The whole listing below should be printed again exactly, with no images.

§ **Collected material**:
○ ○ ○ ○ ○ ○ ○
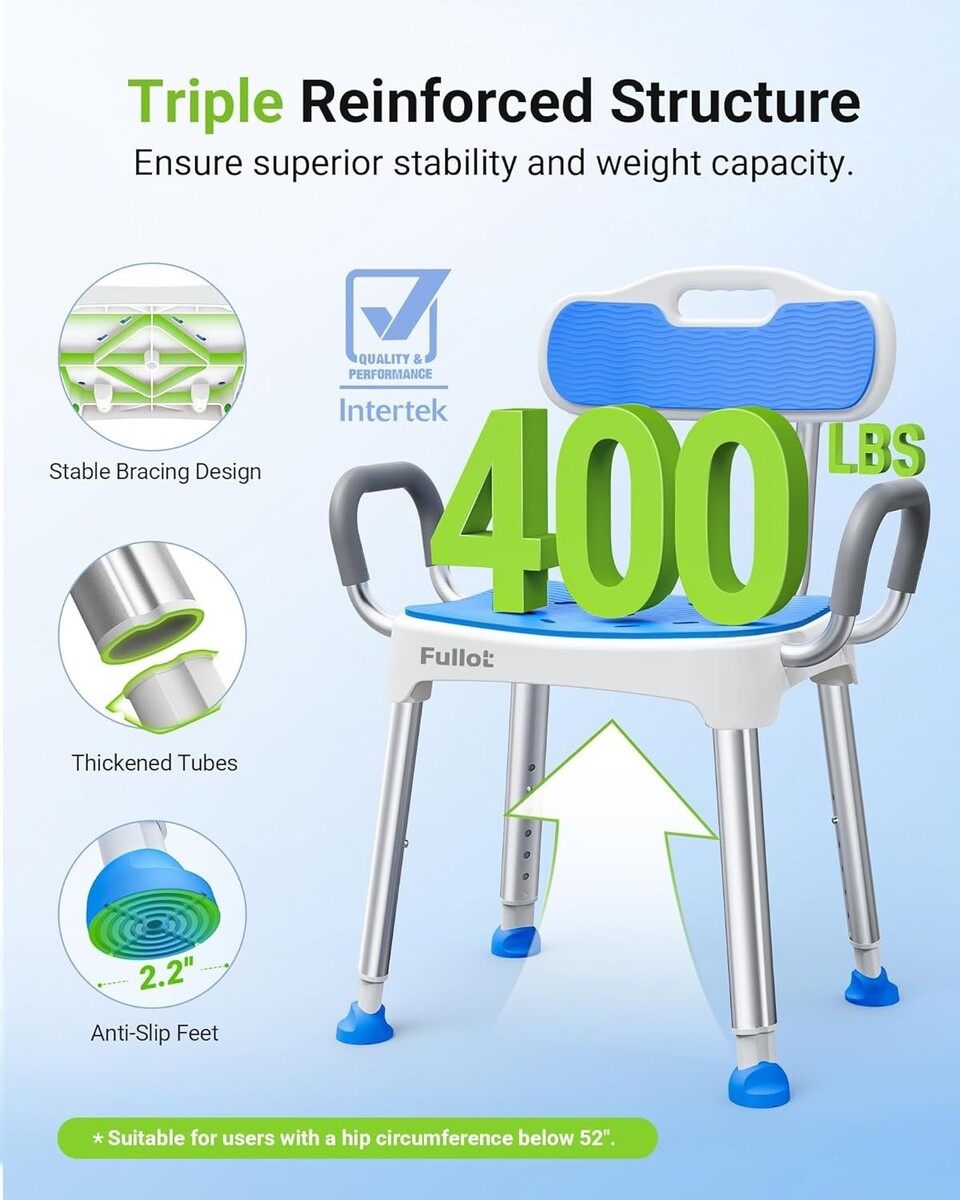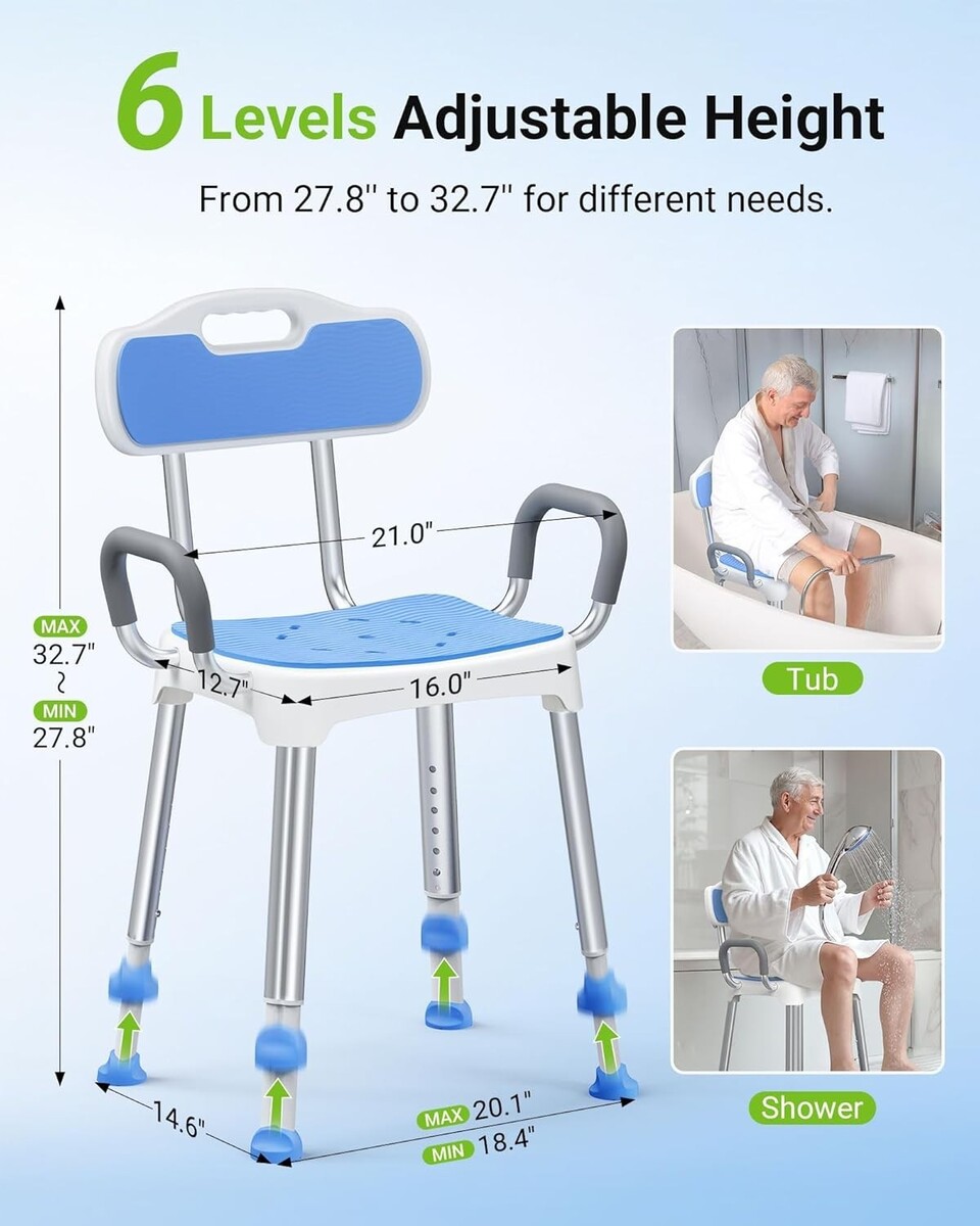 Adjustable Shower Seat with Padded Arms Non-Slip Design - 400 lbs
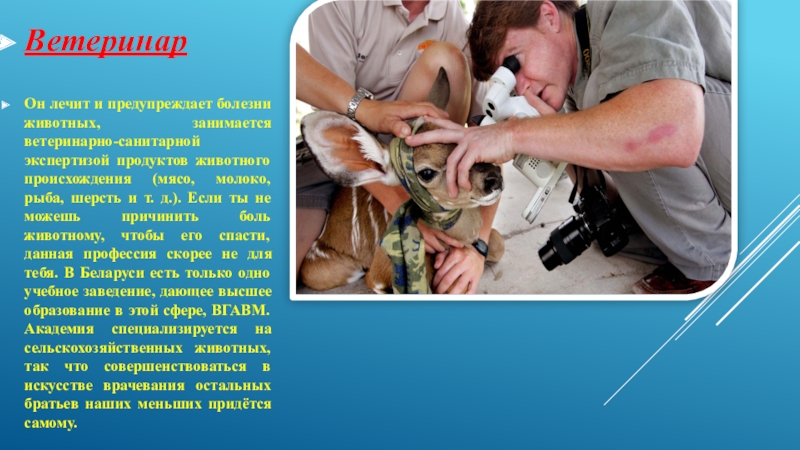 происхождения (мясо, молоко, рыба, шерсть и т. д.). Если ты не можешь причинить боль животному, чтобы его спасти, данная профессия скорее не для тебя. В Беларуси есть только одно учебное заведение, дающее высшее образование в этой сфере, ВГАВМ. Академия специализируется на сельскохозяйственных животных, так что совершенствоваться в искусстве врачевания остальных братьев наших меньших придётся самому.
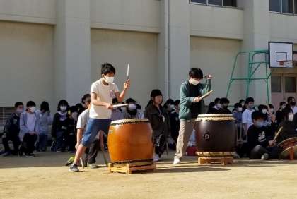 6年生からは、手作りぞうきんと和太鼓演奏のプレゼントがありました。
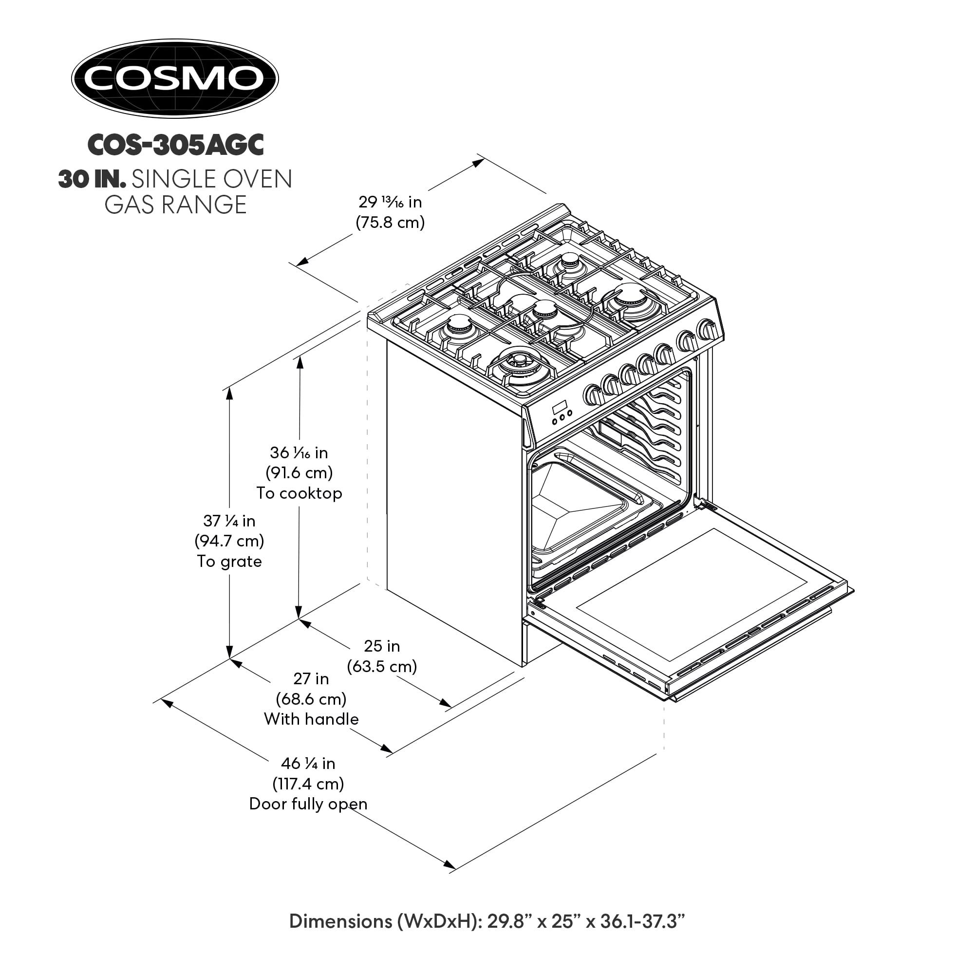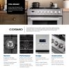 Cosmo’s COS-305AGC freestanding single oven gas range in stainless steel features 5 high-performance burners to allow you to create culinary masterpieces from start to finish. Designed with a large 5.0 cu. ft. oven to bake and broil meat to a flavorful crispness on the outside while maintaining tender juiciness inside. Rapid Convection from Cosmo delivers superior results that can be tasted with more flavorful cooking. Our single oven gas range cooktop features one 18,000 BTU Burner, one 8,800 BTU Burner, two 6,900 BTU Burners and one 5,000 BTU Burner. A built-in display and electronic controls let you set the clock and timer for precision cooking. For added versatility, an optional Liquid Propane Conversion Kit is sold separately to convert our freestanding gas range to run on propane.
○ ○ ○ ○ ○ ○ ○
§ **Answer box**:
 Adjustable Shower Seat with Padded Arms Non-Slip Design - 400 lbs
 происхождения (мясо, молоко, рыба, шерсть и т. д.). Если ты не можешь причинить боль животному, чтобы его спасти, данная профессия скорее не для тебя. В Беларуси есть только одно учебное заведение, дающее высшее образование в этой сфере, ВГАВМ. Академия специализируется на сельскохозяйственных животных, так что совершенствоваться в искусстве врачевания остальных братьев наших меньших придётся самому.
 6年生からは、手作りぞうきんと和太鼓演奏のプレゼントがありました。
 Cosmo’s COS-305AGC freestanding single oven gas range in stainless steel features 5 high-performance burners to allow you to create culinary masterpieces from start to finish. Designed with a large 5.0 cu. ft. oven to bake and broil meat to a flavorful crispness on the outside while maintaining tender juiciness inside. Rapid Convection from Cosmo delivers superior results that can be tasted with more flavorful cooking. Our single oven gas range cooktop features one 18,000 BTU Burner, one 8,800 BTU Burner, two 6,900 BTU Burners and one 5,000 BTU Burner. A built-in display and electronic controls let you set the clock and timer for precision cooking. For added versatility, an optional Liquid Propane Conversion Kit is sold separately to convert our freestanding gas range to run on propane.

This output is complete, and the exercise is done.